« Les programmes de l'Armée du Salut où l'agence a le double rôle de travailleur social et propriétaire démontrent une très faible efficacité à long terme », mentionne l'auteur Martin Laplante.

L'Armée du Salut : un modèle désuet

La bonne nouvelle est que le modèle d'affaires qu'utilise l'Armée du Salut est un modèle désuet en voie de disparition, mais peut-être pas assez rapidement. L'ancienne méthodologie s'appelle « Continuum de services ». Son efficacité sur plusieurs années est 20 à 25 %. Les itinérants chroniques habitent dans des immeubles de groupe gérés par des agences communautaires et doivent progresser d'une forme de logement et d'un programme à un autre, avec des prérequis de comportement pour passer au prochain niveau.
La plus moderne s'appelle « Logement d'abord ». Son efficacité est près de 90 % pour sa version originale et de 70 à 80 % pour des versions diluées. Ça commence en fournissant un logement individuel régulier qui n'appartient pas à une agence, sans condition, sans preuve de bon comportement pour rester. Pour les sans-abri chroniques ayant un double diagnostic de santé mentale, souvent une addiction plus un autre trouble mental, le programme est particulièrement efficace. Les services et tous les contacts sont faits par des professionnels dans leur nouveau logement, particulièrement en santé mentale, avec une offre active insistante de services mais pas d'obligation. Les logements sont éparpillés dans toute la ville, et jamais deux dans le même immeuble.
Il y a quelques années le gouvernment fédéral a fait une expérience dont on peut voir le résultat dans le film interactif « chezsoi.onf.ca », de l'Office national du film. Le fédéral a décidé de mettre graduellement fin aux programmes Continuum de services et de donner des fonds seulement à Logement d'abord à l'avenir.
Les programmes de l'Armée du Salut où l'agence a le double rôle de travailleur social et propriétaire démontrent une très faible efficacité à long terme. C'est surtout les stéréotypes qui font que certains veulent concentrer ceux ayant les plus grandes difficultés dans des quartiers pauvres centraux, particulièrement les quartiers francophones.
Il y a eu beaucoup de recherche sur l'effet des abris et autres logements sociaux à courte durée sur les communautés hôtes.
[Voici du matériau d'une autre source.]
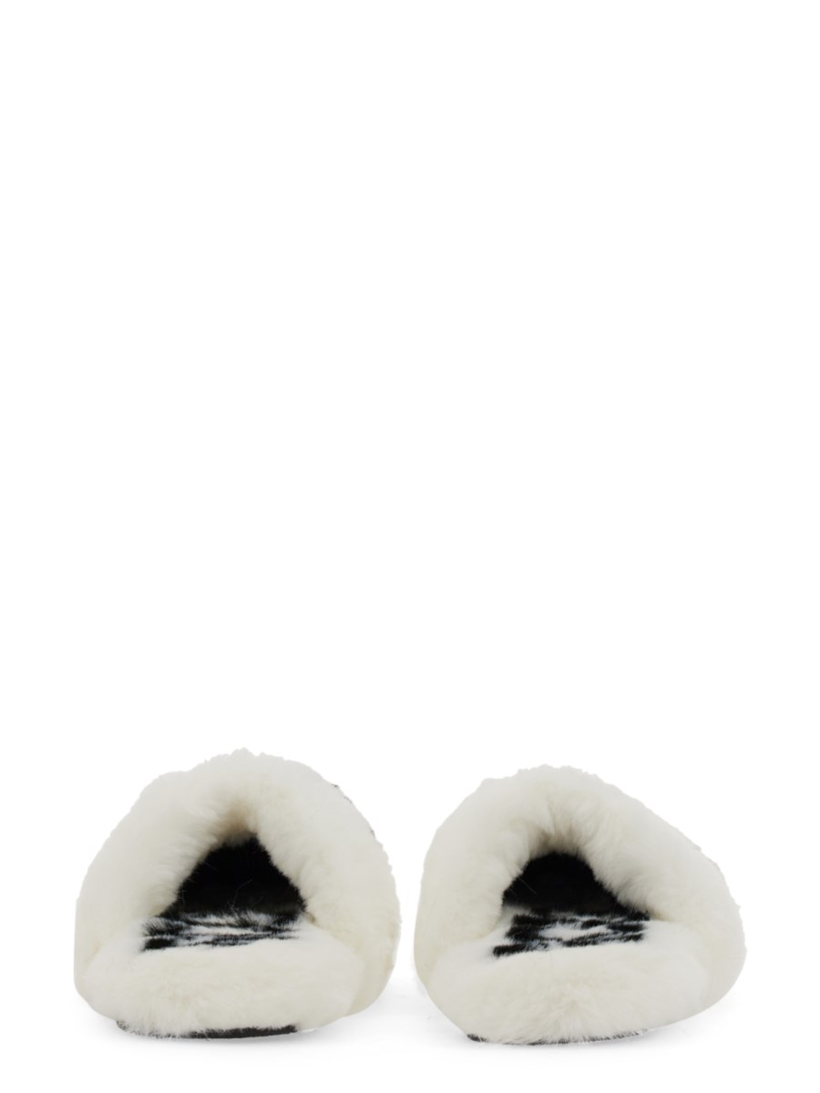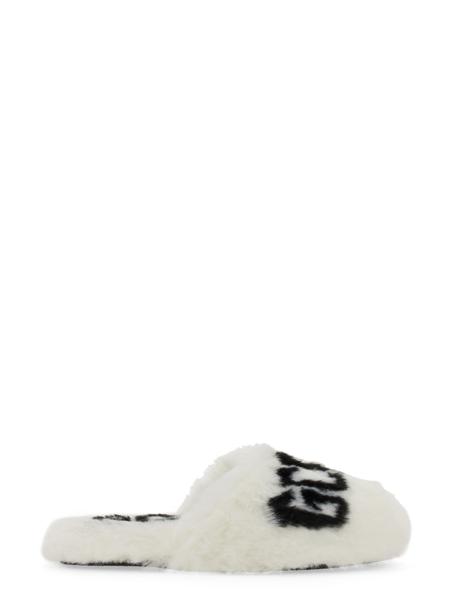 Questo sandalo in pelliccia sintetica di GCDS è un modo elegante e confortevole per tenere i piedi al caldo quest'inverno. La pelliccia è attaccata al sandalo, così non dovrete preoccuparvi che le dita dei piedi si raffreddino, e la suola in gomma del sandalo è ottima per camminare in città. Il sandalo presenta anche un logo sul lato, in modo da essere alla moda mentre si sta al caldo.

Ce qui est intéressant, particulièrement dans les recherches de George Galster, et les recherches sur l'arrêté Gautreaux aux États-Unis, c'est que l'effet est neutre ou positif sur les communautés à revenu moyen ou élevé, et qu'il est négatif sur les quartiers pauvres. L'effet sur la clientèle est aussi plus positif dans les quartiers moins pauvres. Ces services sont un stresseur social, qui s'ajoute aux autres stress des communautés défavorisées, tandis que pour les communautés plus résilientes, cela ajoute à la diversité.
C'est encore pire pour les grands immeubles de ce genre que les petits. Les statistiques aux États-Unis sont fulgurantes : les villes qui ont déconcentré ces services en multiples petits centres, comme par exemple New York avec sa loi « Fair Share Criteria », ont le plus réduit l'itinérance chronique. Celles qui préfèrent les concentrer au centre-ville ont non seulement une croissance de l'itinérance mais une crise de drogues. Il faut éliminer les grands refuges comme ceux de l'Armée du Salut et les remplacer par des services à petite échelle partout dans la ville.